The result is that we in the West have inherited a Christianity that can often be reduced to “just believe the right things, and don’t mess up too bad”. (Which Willard in another book calls “the gospel of sin management.”) In this model, Christlikeness is irrelevant. And often, it is warped to the point where we simply make a Jesus that looks like us.
So, what’s the problem?
Believing the right things does not change you
In his book You Are What You Love, James K A Smith claims that people (that would include you and me) do not act based on what they believe; they act based on what they love.
For example, I may decide today, “I’ve watched too much Netflix lately. Tonight I’m going to read a good book.” But I get home after a long day and settle in on the couch. Am I more likely to reach for the book or the remote?
Most likely, I will do what I habitually do. And what I habitually do will be based not on what I believe is best for me but instead on what I love. In the moment, I will do the thing that brings me joy.
This isn’t a judgement that one is good and one is bad. I am simply pointing out that our behaviour moment to moment is shaped not by what we think is best for us. It is shaped by what we love…what we desire. What brings us pleasure and joy.

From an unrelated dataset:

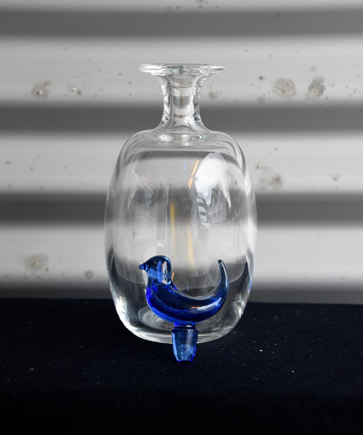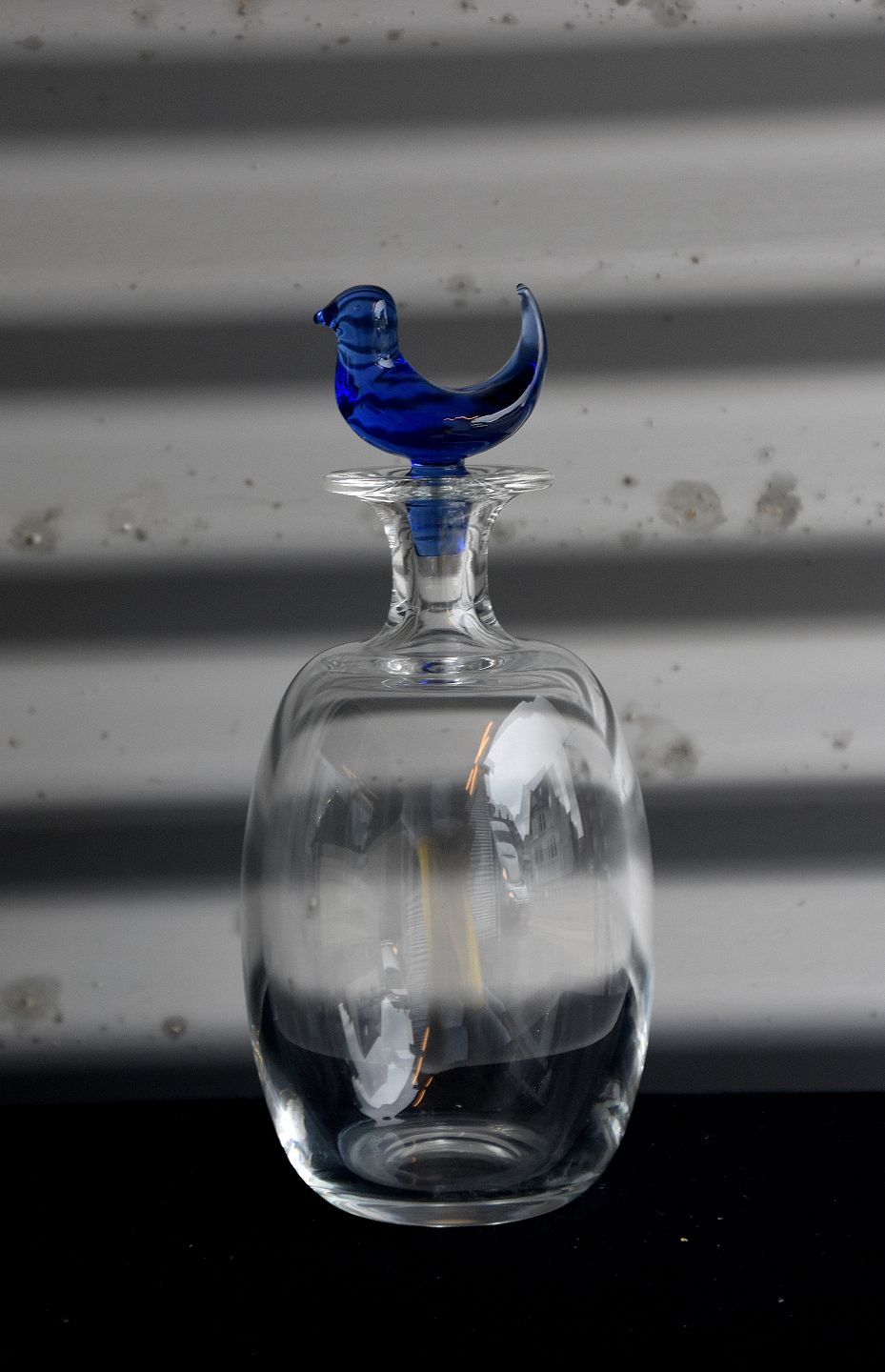 Tøndeformet karaffel fra serien "Noah" med hals og udsvejet flad rand. Safir blå prop udformet som en fugl

Now, I need to say this because of the churches some of us were raised in. Desire, joy, and pleasure are not bad things. God created us as creatures who desire. He created us to experience joy and pleasure. The problem arises for us when our desires are oriented towards things that are “deforming”. Things that, as we participated in them, make us less human, not more human.
That’s why we can know facts about eating, exercise, saving money, avoiding debt, and the importance of exercising your brain (and the list goes on) and yet still not do them. We may be able to list all the reasons that we should be doing them…but that necessarily doesn’t translate into action.
So to wrap this up for today, here are two questions: What is something you are good at? How did you become good at it?